Fue esposa de Fernando Fernán-Gómez, y mucho, muchísimo más. Su vida se convirtió en las letras de las canciones que interpretaba. Y qué quieren que les diga. Que hay que tener clase para romper con una persona diciendo: “devuélveme el rosario de mi madre y quédate con todo lo demás…”. Para ir amarradita del brazo de un señor de “esos antiguos, de los que conocieron nuestros abuelos, de los que llevan jazmines en el ojal aunque no se estile”. Para enamorarse con todas las consecuencias de un marinero de cabellos de oro que va camino de la Habana, y esperarlo toda una eternidad si hace falta.
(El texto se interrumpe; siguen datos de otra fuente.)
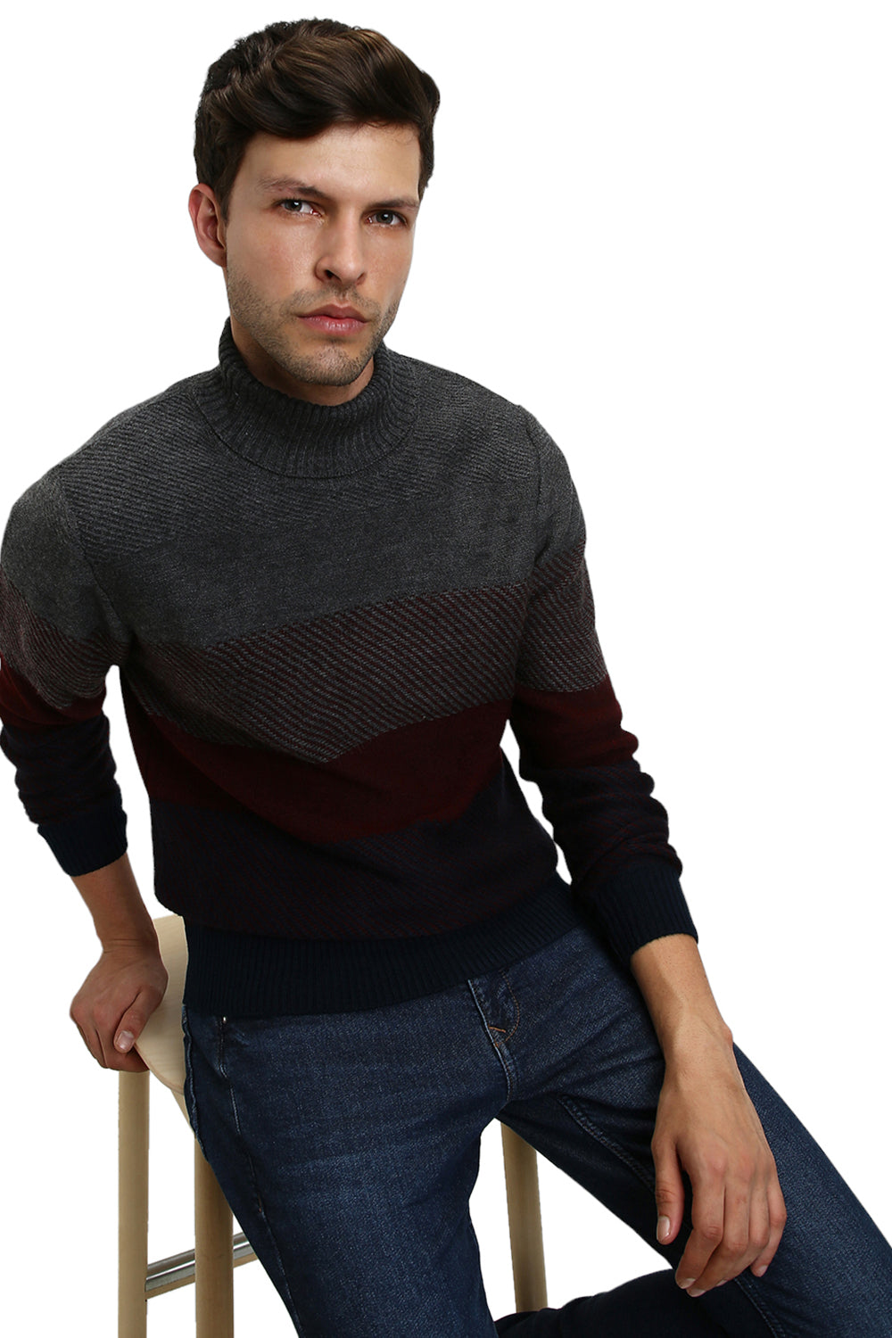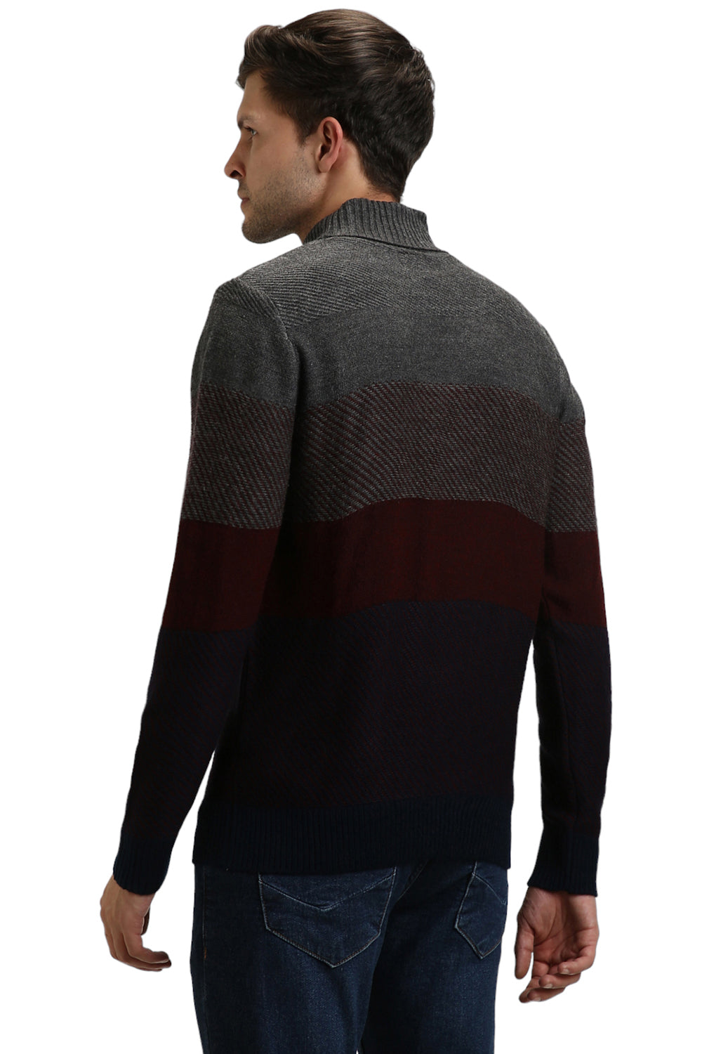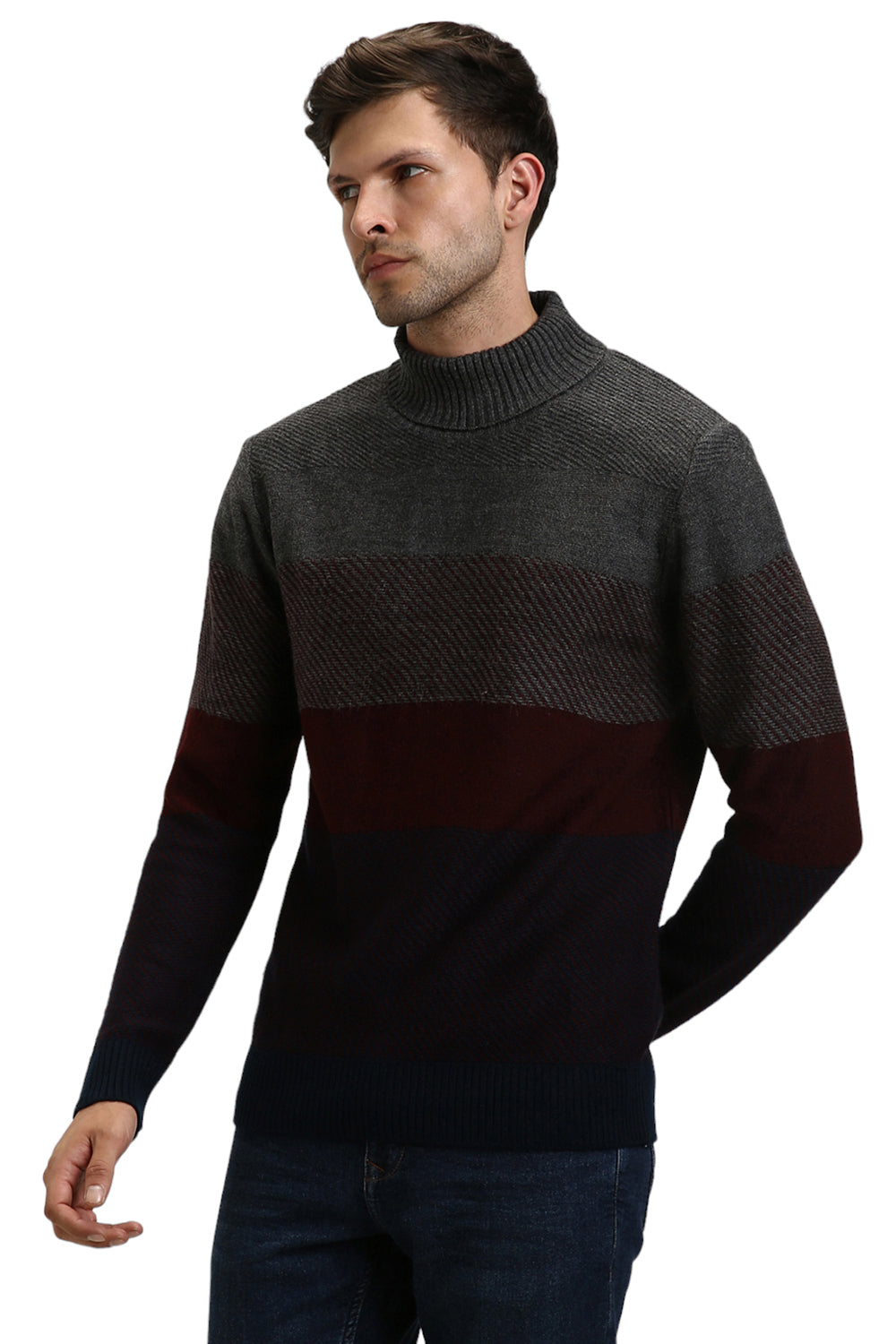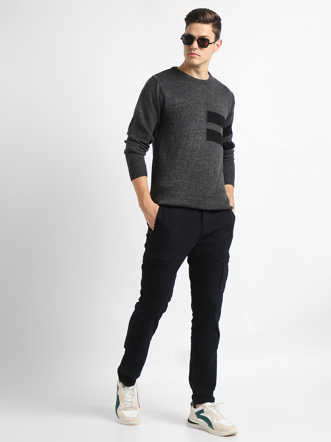 Men's Grey Striped Round neck pullover sweater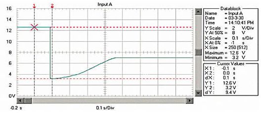 圖1 啟動(dòng)過程的蓄電池電壓波形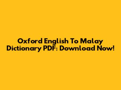 Oxford English To Malay Dictionary PDF: Download Now!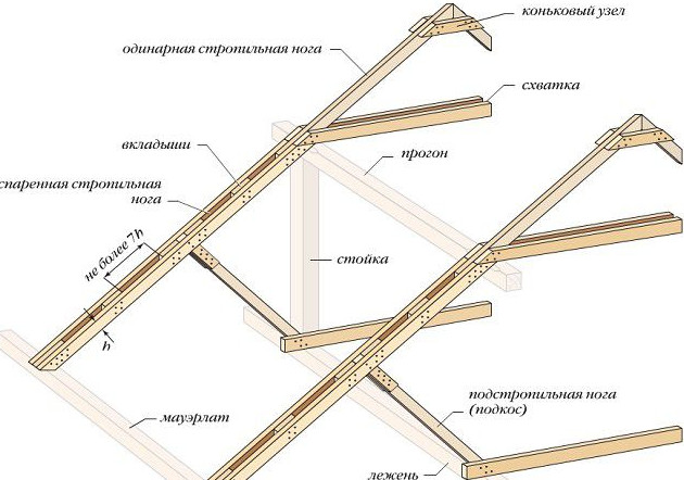 - Справа и слева на него опирают боковые стропила, подошва которых устанавливается на мауэрлат.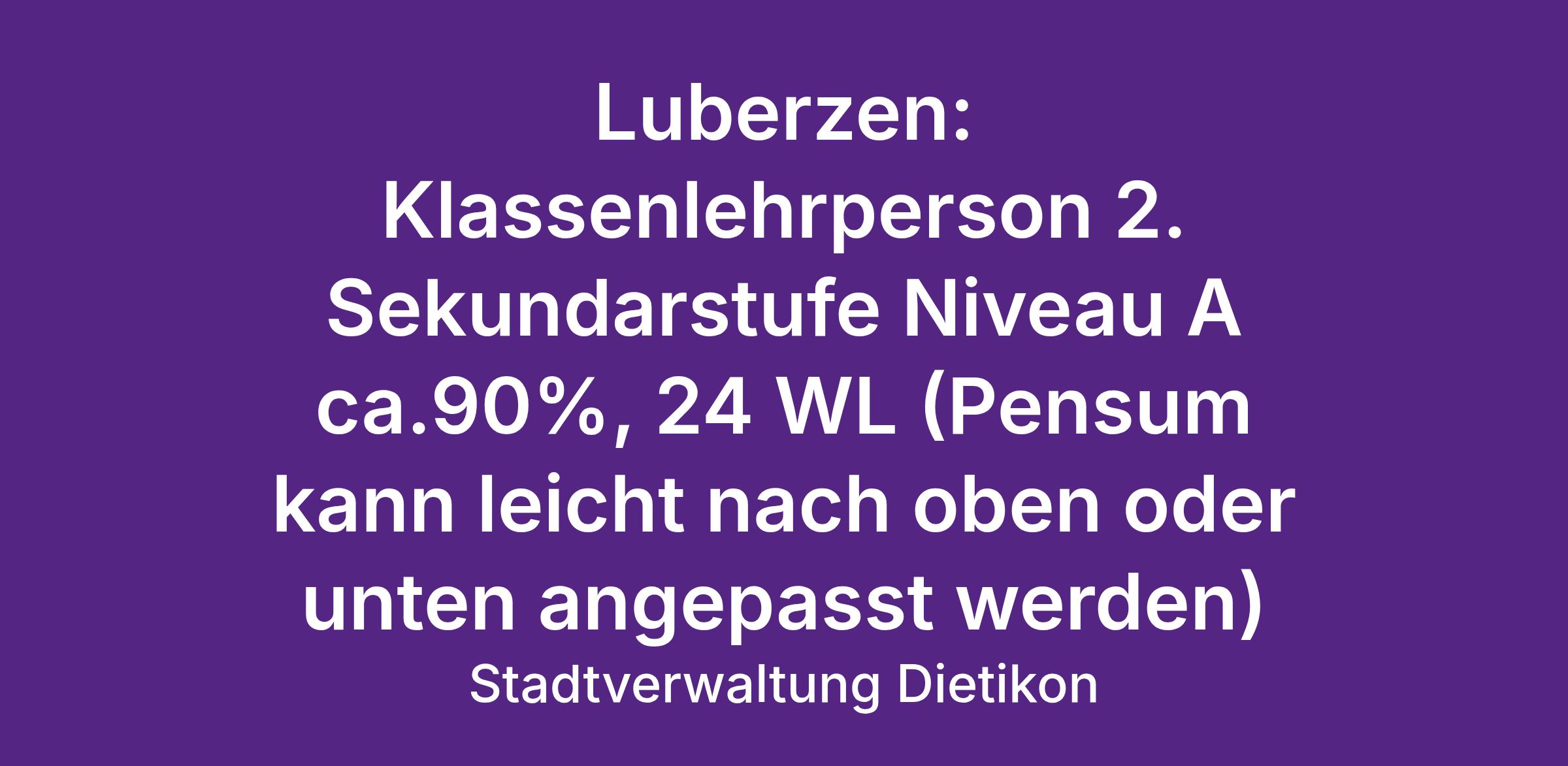 Luberzen: Klassenlehrperson 2. Sekundarstufe Niveau A ca.90%, 24 WL (Pensum kann leicht nach oben oder unten angepasst werden)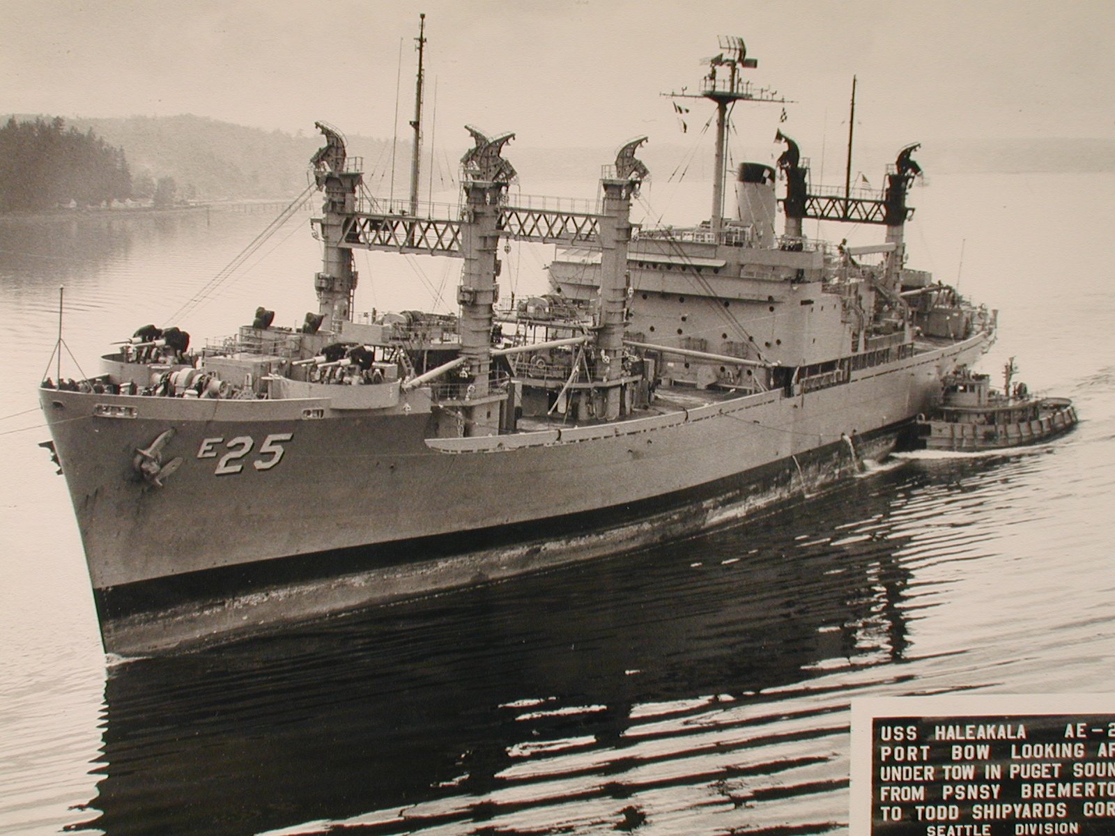 142k | USS Haleakala (AE-25) under way in harbor, date and location unknown. | Richard Miller BMCS USNR Ret. | |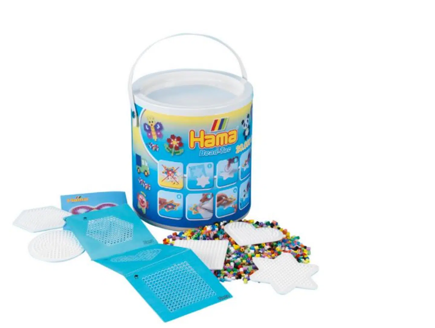 Indhold: 20.000 perler, 5 perleplader, 1 Hama Bead-Tac, motivark, vejledning og strygepapir.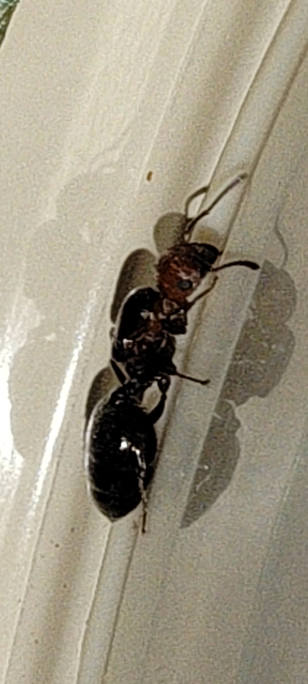 Buonasera, proprio ieri ho trovato sotto casa mia una regina di Camponotus nylanderi. Oggi quasi nello stesso identico posticino di ieri ho trovato questa altra presunta formica regina più piccola di cui allego le foto. La formica presenta il corpo nero e la testa di un rosso intenso e leggermente scuro, è lunga circa 8 mm (molto più piccola rispetto alla regina di ieri). Mi trovo in Sicilia orientale in pianura/bassa collina a circa 40 metri sul livello del mare (se può essere utile il mare dista un km e qualcosina da qua). Spero possiate aiutarmi, e spero pure che sia effettivamente una regina. Buonaserataaaa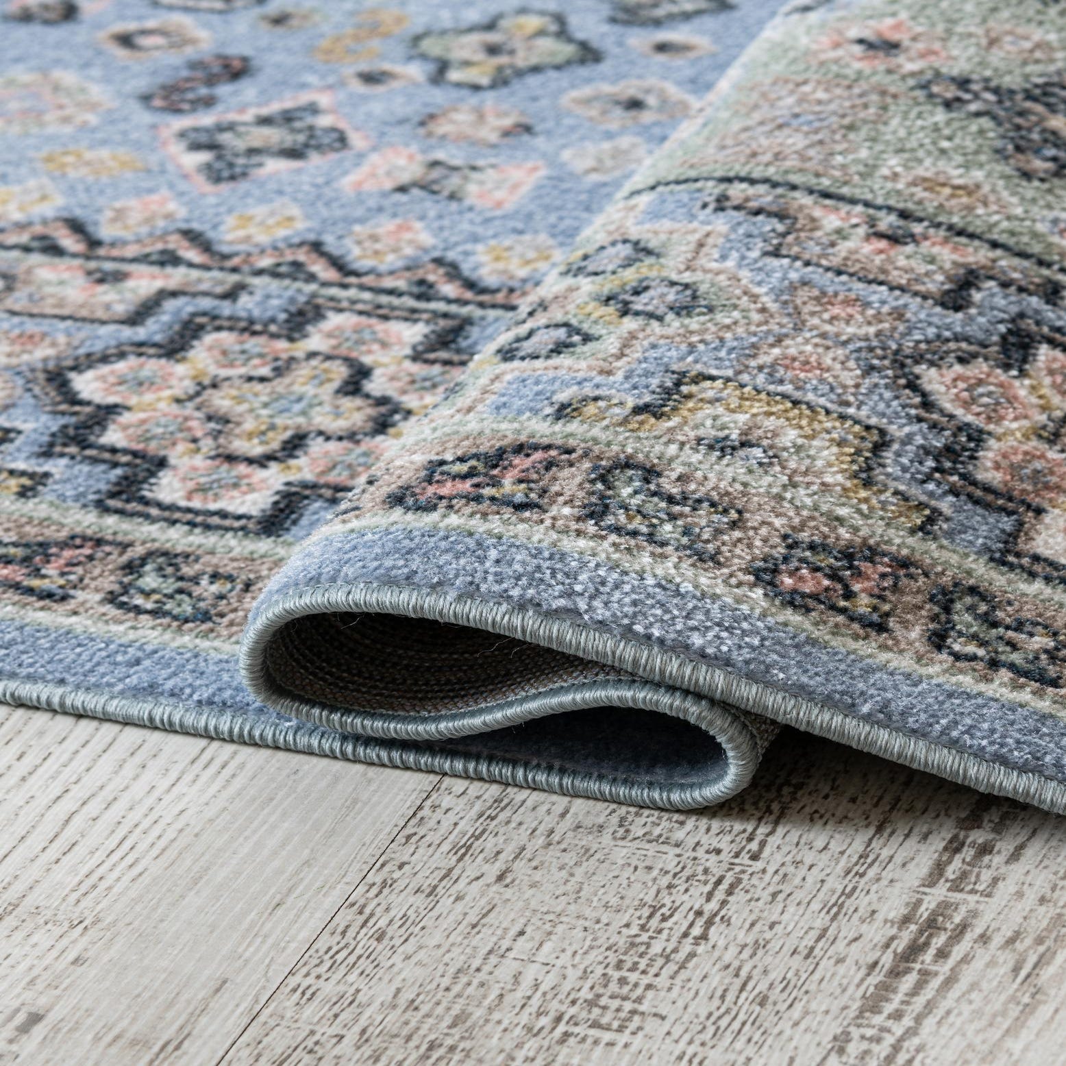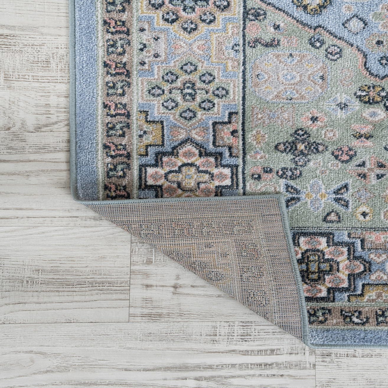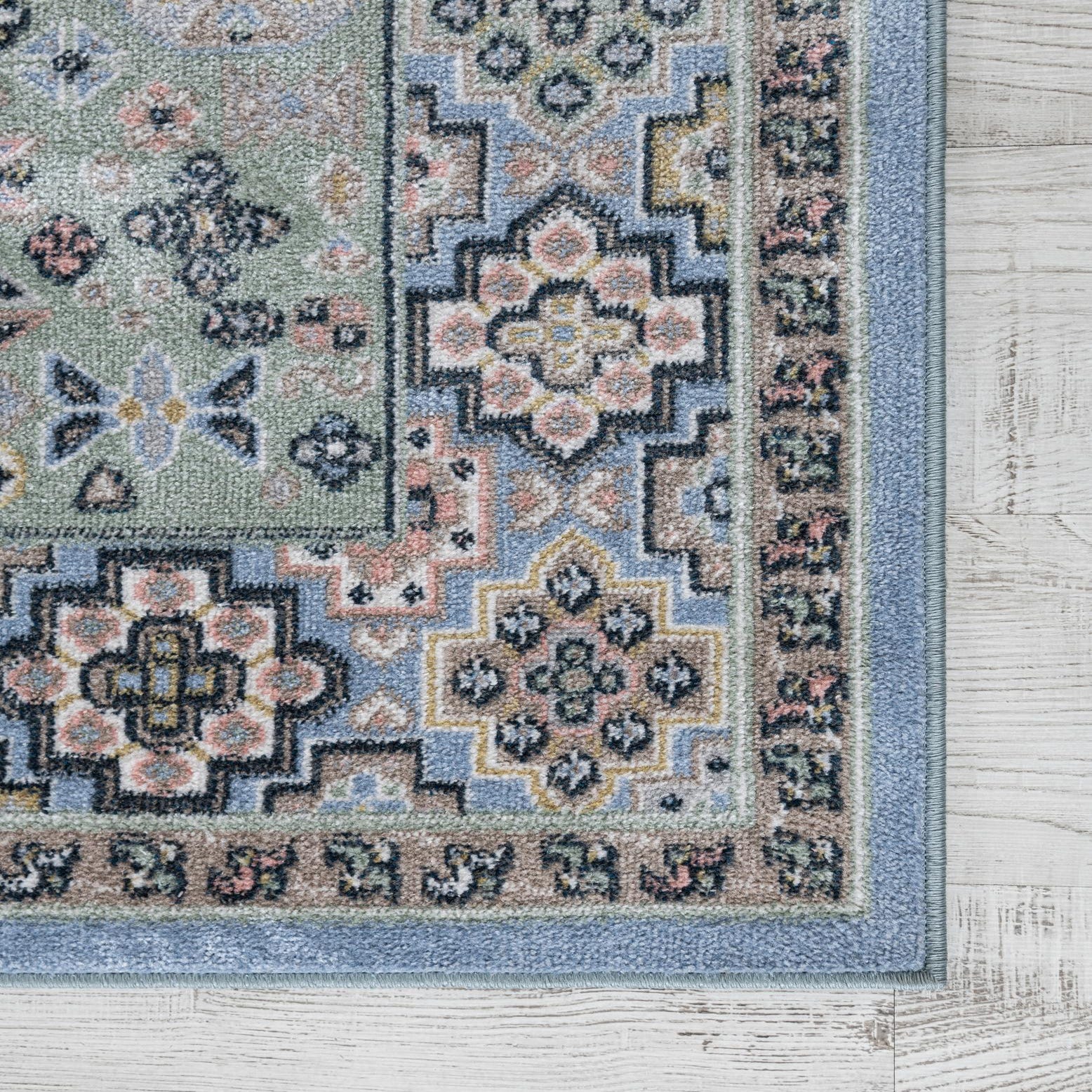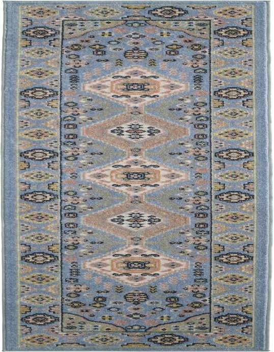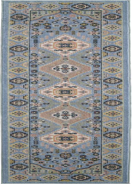 Primary color is Light Blue. Colors in this rug include: Light Blue, Beige, Black, Ivory, Pink, Gray, Green.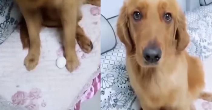 주인 몰래 삶아둔 달걀을 입안에 쏘옥 숨겨버린 반려견의 귀여운 모습이 화제다.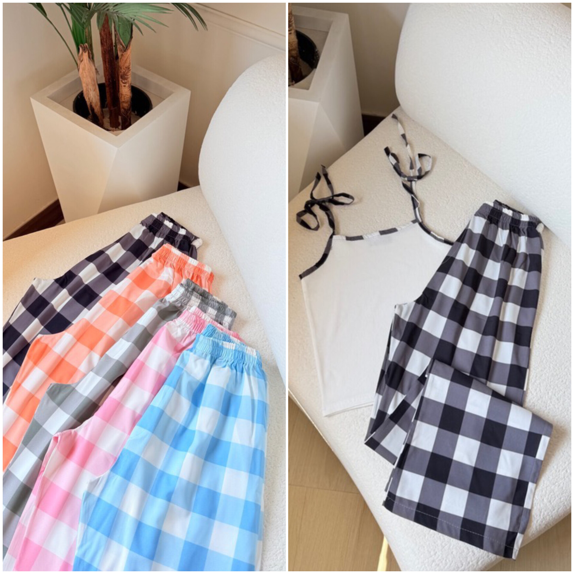ست کراپ و بیژامه چارخونه

Estar “toda una vida contigo, no me importa en qué forma, ni dónde, ni cómo, pero junto a ti…” Tener celos de un río por ver reflejado un rostro del que las rosas tienen envidia, con funesto presagio. Clase es saber perder, emborracharse por el amor perdido y “si te preguntan diles que es por ti porque yo tendré el valor de no negarlo”. Saber herir, recordando con fría certeza que el castigo del desdén será el de “extrañar tus besos en los propios brazos de quién esté contigo”. “Enredarse en amores sin ganas ni fuerza por ver si te olvido”. Reconocer la emoción que hace desgranarse el pecho a un caballo viejo por una potra alazana. Y mi favorita, la de dedicar una canción al caballo que acató tu voz de mando y se abalanzó sobre tu pelotón de fusilamiento. El prieto azabache que corrió con tres balazos de máuser, salvando tu vida a cambio de la suya.

Decía Gabriel García Márquez que la vida sería muy difícil sin lo que dicen por nosotros las letras de los boleros. Sea este un homenaje en vida, como debe ser, a una auténtica señora de la canción y de la vida misma.